## [EXERCISE PROMPT]
Could you repeat the records below exactly, leaving out any pictures?

## [INFORMATION]
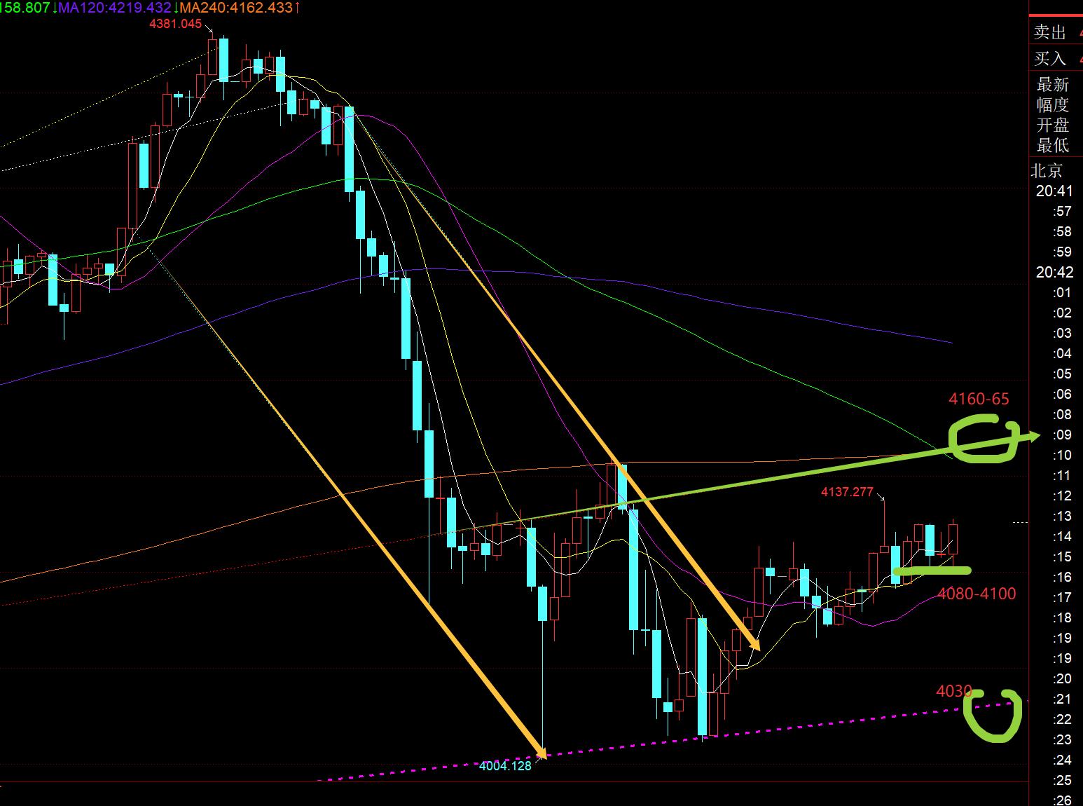 Primero, oro: la rápida y continua caída de ayer por la mañana liberó fuerza corta durante la noche, y temprano en la mañana sabíamos que la continuidad era pobre y que era fácil tocar fondo y tirar subió y subió a un máximo de 4161. La resistencia original era centrarse en la línea 41 50, si se suprime, estará en la parte inferior. A las 15 en punto, simplemente cerró un Yang y atravesó 4150. La última vez, pisé el trueno. Esta vez soy más cauteloso. Necesito esperar a que aparezcan al menos dos Yang K consecutivos antes de poder decidir si es efectivo. xmxyly.como se esperaba, el mercado europeo cayó rápidamente y alcanzó la línea 4015 antes que el mercado estadounidense. Esta posición es el punto de soporte derivado correspondiente a la línea de tendencia clave desde el soporte 3311. También tendí una emboscada de antemano y agarré algunos metros; Por segunda vez en el mercado estadounidense quería planificar esta posición para continuar el rebote alcista. , desafortunadamente solo se dio a 4023;
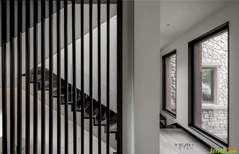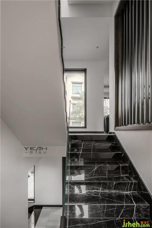 Stairs are the link of space communication and an important part of design. The designer opened the side walls of the stairs and used grilles as partitions. It makes the whole space more transparent and also has a good decorative effect.
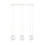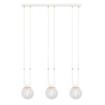 Lampa wisząca na listwie w designerskim stylu Marga 3 wykonana jest ze stali lakierowanej na biało i ozdobiona detalami w złotym kolorze. Kolorystyka ta prezentuje się niezwykle elegancko, sprawia, że aranżacja nabiera lekkości, a wnętrze przestronności. To doskonałe dodatek do wyposażenia nowoczesnego apartamentu. Potrójna lampa wisząca na listwie Marga 3 może stać się doskonałym oświetleniem niemal każdej przestrzeni Twojego domu – na przykład rozjaśniającym wyspę w kuchni, stół w jadalni lub ławę w salonie. Biała lampa wisząca ze złotymi detalami Marga 3 świetnie komponuje się z aranżacjami nowoczesnymi, loftowymi i industrialnymi.
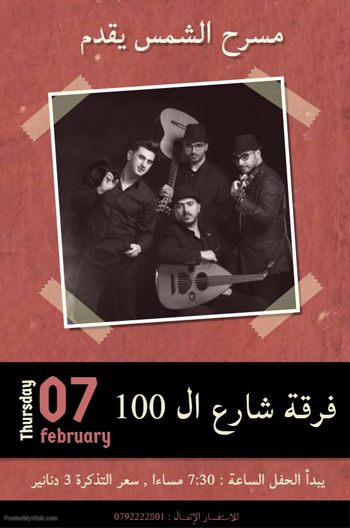 حفل موسيقي لفرقة شارع ال 100 , و هي فرقة تقدم الأغاني الطربية القديمة و الحديثة و دمج ما بينهم بطريقة رائعة .
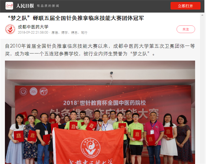 自2010年首届全国针灸推拿临床技能大赛以来,Beat365中文官方网站第五次卫冕团体一等奖,成为唯一一个五连冠参赛学校,被行业内师生赞誉为“梦之队”。

## [TASK OUTPUT]
 Primero, oro: la rápida y continua caída de ayer por la mañana liberó fuerza corta durante la noche, y temprano en la mañana sabíamos que la continuidad era pobre y que era fácil tocar fondo y tirar subió y subió a un máximo de 4161. La resistencia original era centrarse en la línea 41 50, si se suprime, estará en la parte inferior. A las 15 en punto, simplemente cerró un Yang y atravesó 4150. La última vez, pisé el trueno. Esta vez soy más cauteloso. Necesito esperar a que aparezcan al menos dos Yang K consecutivos antes de poder decidir si es efectivo. xmxyly.como se esperaba, el mercado europeo cayó rápidamente y alcanzó la línea 4015 antes que el mercado estadounidense. Esta posición es el punto de soporte derivado correspondiente a la línea de tendencia clave desde el soporte 3311. También tendí una emboscada de antemano y agarré algunos metros; Por segunda vez en el mercado estadounidense quería planificar esta posición para continuar el rebote alcista. , desafortunadamente solo se dio a 4023;
 Stairs are the link of space communication and an important part of design. The designer opened the side walls of the stairs and used grilles as partitions. It makes the whole space more transparent and also has a good decorative effect.
 Lampa wisząca na listwie w designerskim stylu Marga 3 wykonana jest ze stali lakierowanej na biało i ozdobiona detalami w złotym kolorze. Kolorystyka ta prezentuje się niezwykle elegancko, sprawia, że aranżacja nabiera lekkości, a wnętrze przestronności. To doskonałe dodatek do wyposażenia nowoczesnego apartamentu. Potrójna lampa wisząca na listwie Marga 3 może stać się doskonałym oświetleniem niemal każdej przestrzeni Twojego domu – na przykład rozjaśniającym wyspę w kuchni, stół w jadalni lub ławę w salonie. Biała lampa wisząca ze złotymi detalami Marga 3 świetnie komponuje się z aranżacjami nowoczesnymi, loftowymi i industrialnymi.
 حفل موسيقي لفرقة شارع ال 100 , و هي فرقة تقدم الأغاني الطربية القديمة و الحديثة و دمج ما بينهم بطريقة رائعة .
 自2010年首届全国针灸推拿临床技能大赛以来,Beat365中文官方网站第五次卫冕团体一等奖,成为唯一一个五连冠参赛学校,被行业内师生赞誉为“梦之队”。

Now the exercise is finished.